> [Data extract]:
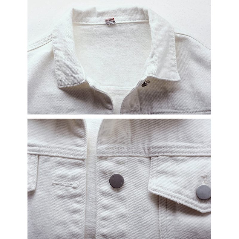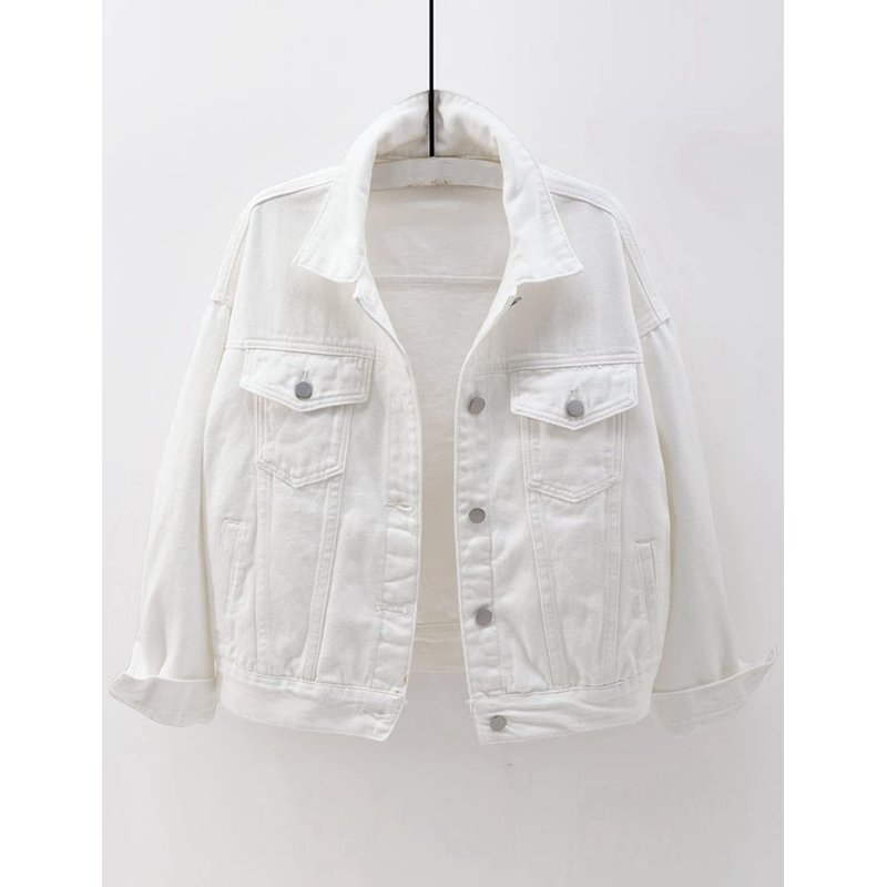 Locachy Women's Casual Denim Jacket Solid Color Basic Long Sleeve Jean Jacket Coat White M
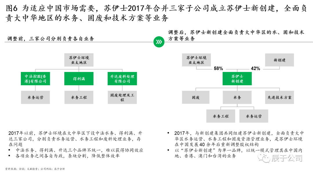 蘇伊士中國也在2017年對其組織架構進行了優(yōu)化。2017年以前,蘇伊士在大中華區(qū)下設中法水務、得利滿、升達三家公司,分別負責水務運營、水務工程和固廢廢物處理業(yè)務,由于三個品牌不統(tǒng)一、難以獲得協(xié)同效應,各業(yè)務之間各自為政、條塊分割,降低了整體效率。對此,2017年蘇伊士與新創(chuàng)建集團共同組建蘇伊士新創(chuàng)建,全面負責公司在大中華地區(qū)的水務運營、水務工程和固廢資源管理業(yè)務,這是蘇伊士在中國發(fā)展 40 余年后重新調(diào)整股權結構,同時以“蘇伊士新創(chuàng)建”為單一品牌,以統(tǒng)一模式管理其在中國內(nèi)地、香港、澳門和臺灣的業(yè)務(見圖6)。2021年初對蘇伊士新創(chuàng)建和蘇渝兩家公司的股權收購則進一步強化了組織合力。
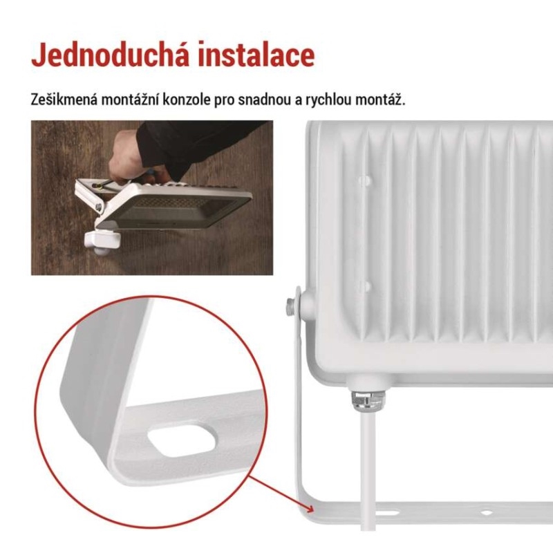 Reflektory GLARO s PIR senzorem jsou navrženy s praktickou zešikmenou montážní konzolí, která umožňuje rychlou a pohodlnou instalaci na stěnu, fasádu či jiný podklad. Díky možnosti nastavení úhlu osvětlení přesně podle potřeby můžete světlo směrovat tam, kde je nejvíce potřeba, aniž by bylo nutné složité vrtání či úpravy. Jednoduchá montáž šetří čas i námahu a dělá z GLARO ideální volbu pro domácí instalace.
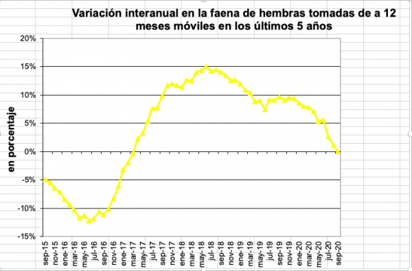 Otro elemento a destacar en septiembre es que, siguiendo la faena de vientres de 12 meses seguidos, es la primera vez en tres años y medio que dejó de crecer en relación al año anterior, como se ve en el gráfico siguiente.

> [Task item]: Leave out the pictures, and retype exactly the lines from the one containing "Reflektory GLARO s" through the final line of the data.

> [Response box]:
 Reflektory GLARO s PIR senzorem jsou navrženy s praktickou zešikmenou montážní konzolí, která umožňuje rychlou a pohodlnou instalaci na stěnu, fasádu či jiný podklad. Díky možnosti nastavení úhlu osvětlení přesně podle potřeby můžete světlo směrovat tam, kde je nejvíce potřeba, aniž by bylo nutné složité vrtání či úpravy. Jednoduchá montáž šetří čas i námahu a dělá z GLARO ideální volbu pro domácí instalace.
 Otro elemento a destacar en septiembre es que, siguiendo la faena de vientres de 12 meses seguidos, es la primera vez en tres años y medio que dejó de crecer en relación al año anterior, como se ve en el gráfico siguiente.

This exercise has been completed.